Opinion | I traveled internationally during the COVID-19 pandemic

I traveled internationally during one of the worst spikes of the COVID-19 pandemic. The differences between how the United States treats travel compared to other countries was astonishing.

Contributed.+

Contributed.

Rin Swann


On the day I boarded my international flight from Pittsburgh to Antigua, there were 155,705 new cases of COVID-19 in the United States.

It was Jan. 25. For almost everyone else at the University of Iowa, it was the first day of a new semester. For me, it was the first day of my new life in a foreign country — a country I would be living in for three months.

And I was terrified.

As someone with two rare, genetic conditions, my life hit the pause button hard when COVID-19 began. My first semester was spent working at home and, staring down the barrel of my second semester with COVID-19 cases climbing, I made the choice to move in with my sister in January.

A sister who lives and works in the Caribbean country of Antigua, over 2,000 miles away from home.

At the time of my departure, Antigua, a country of 80,000 people, had a weekly average of two COVID-19 cases and serious restrictions. America had nearly twice as many cases as the entire population of Antigua on the day I left.

Leaving was the clearest and safest decision I could make. The hard part was getting there.

International travel during a pandemic is sticky at best. You need a PCR COVID-19 test, not a rapid response, and at least three to five days for lab results, not including weekends. If you were me, at-risk with two genetic disorders, that stickiness thickened into a syrup.

The morning I left, I looked like a human bubble. A huge sweatshirt, leggings, and high socks covered my exposed skin. Gloves, a KN95 mask, and snow goggles covered every other point of access. Strapped to my side was a container of hand sanitizer. It was above and beyond what was called for to travel.

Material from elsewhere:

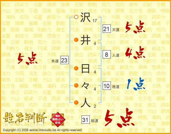 沢井日々人さんの総運は31画の5点!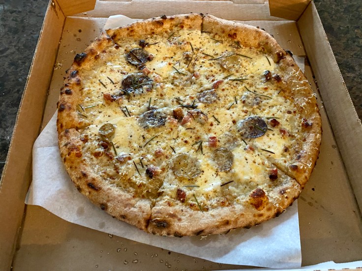 With the move to an indoor location, Myke’s was able to upgrade its operation to a fully equipped kitchen with a wood-fired oven, but the crust of these pies was already consistently successful even when they were cooked with gas on the sidewalk. The pizza is Neapolitan style with a crust that is thick and chewy towards the edge, thin and just a bit floppy in the center, airy and pliable on the inside, and blistered with a slight char on the bottom. The 12-inch pies are sized for one hungry person to enjoy or two people to share if paired with a salad or appetizer.

But with my condition, I wasn’t taking any chances.

I had worked retail for six months during the pandemic. I was used to mask-flouters and I suspected it would be bad, but not even I could have guessed how terrifying it was.

People. Everywhere. Few were properly social distanced in lines. Half of them wore masks that didn’t cover their noses, including some airport staff, and everyone looked at me like I was some kind of freak in full protective gear. Someone behind me even made a joke that I was a “liberal snowflake.”

I blinked back my panic behind my snow goggles and swallowed hard. I was doing what I had to do to keep myself safe — even if no one else believed or saw it. So, with a confidence I didn’t have, I walked up to the American Airlines desk, presented my negative COVID-19 test, and sanitized my hands for the first time in a thousand that day.

It is not an exaggeration to say that those 12 hours were the most uncomfortable I had ever been. I couldn’t touch anything without sanitizing before and after. After seeing the airport, I was too scared to take my mask off for even a sip of water or granola bar.

For some people, this may not seem so scary. But for me, every cough could risk my life, and I was entering a third-world country with little medical support if I contracted the virus in the airport.

So, with the exception of swallowing a bottle of water once on my second flight, I did not take off my mask, eye protection, or go to the bathroom for 12 hours.

At 3 p.m., I landed in Antigua, expecting more chaos. What I got was something else entirely.

Workers in PPE from head to toe, stood at different checkpoints throughout the airport, ensuring social distancing. There were three required hand sanitizing stations before completing customs, a temperature check, and, wildest of all, a video camera that took my picture and recorded who I was before I entered Antigua. From the airport to my car, I did not see a single local without their nose covered.

But most interesting of all was the conversation I had with my cab driver.

It was a 45-minute drive to where I was staying. During that time, I built up a rapport with my driver. When I told him I was American, he laughed.

“No, really,” he teased. “You’re too nice to be American.”

I folded my hands in my lap and asked him what he meant. What he said changed a huge part of my understanding of the pandemic.

COVID-19 isn’t an American problem. How America reacts to COVID-19 is an everyone problem. Even here, 2,000 miles away, the locals are feeling the impact of how America treated the pandemic. Sixty percent of Antigua’s GDP and 40 percent of its investments come from tourism. The longer the pandemic goes on, the more people here lose their income.

Americans and Donald Trump were mocked as idiotic and incompetent. For most Antiguans, it seems an obvious choice: wear a mask to fix the economy sooner. No one wants another lockdown.

But for us? The logic isn’t the same. The difference between the Antiguan and American airports was astonishing.  I remembered the carelessness as I arrived, the “liberal snowflake” comment, and how the people around me wouldn’t pull their masks above their nose.

“I understand,” I told him.

This was the side of America that caused me to leave. As I got out to the car to enter my two-week total quarantine, I found myself remembering his words as I scrubbed my body and sanitized my bags.

America isn’t a bubble. And while the pandemic may be over soon, other countries will not forget how we handled one of the darkest hours in modern times.

I certainly won’t.


Columns reflect the opinions of the authors and are not necessarily those of the Editorial Board, The Daily Iowan, or other organizations in which the author may be involved.